Task to complete:
Every entry in the data that follows should come back exactly, pictures aside.

[Opening Input records section]

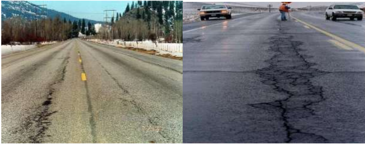
(a) Raveled road
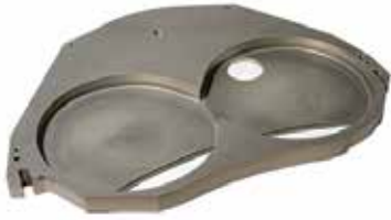
FILLING PLATE FOR BRONZE SEALING SEGMENT F-474 | OEM: 3131474
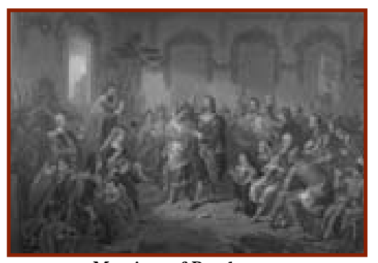
Marriage of Pocahontas

lands. Opechancanough was patient and waited until the time was right. In 1622, he led the first coordinated attack on several English plantations, killing more than 300 of the 1,200 colonists. Jamestown was warned and escaped destruction. This led to a decade of open warfare, culminating in a treaty in 1632. A decade of tenuous peace followed.
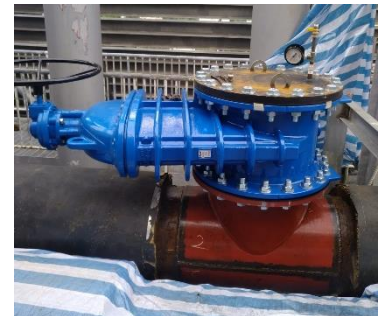
Conduct the pressure test
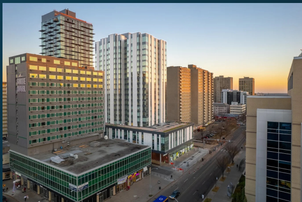
City Plan Vision
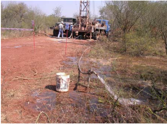
Testing the water well for supplying water to drill the twin well to the Independencia 1 well on the Gabino Mendoza Block
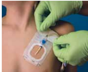
Pediatric Subclavian (SV254UDT)

[Closing Input records section]

Solution below:
(a) Raveled road
FILLING PLATE FOR BRONZE SEALING SEGMENT F-474 | OEM: 3131474
Marriage of Pocahontas

lands. Opechancanough was patient and waited until the time was right. In 1622, he led the first coordinated attack on several English plantations, killing more than 300 of the 1,200 colonists. Jamestown was warned and escaped destruction. This led to a decade of open warfare, culminating in a treaty in 1632. A decade of tenuous peace followed.
Conduct the pressure test
City Plan Vision
Testing the water well for supplying water to drill the twin well to the Independencia 1 well on the Gabino Mendoza Block
Pediatric Subclavian (SV254UDT)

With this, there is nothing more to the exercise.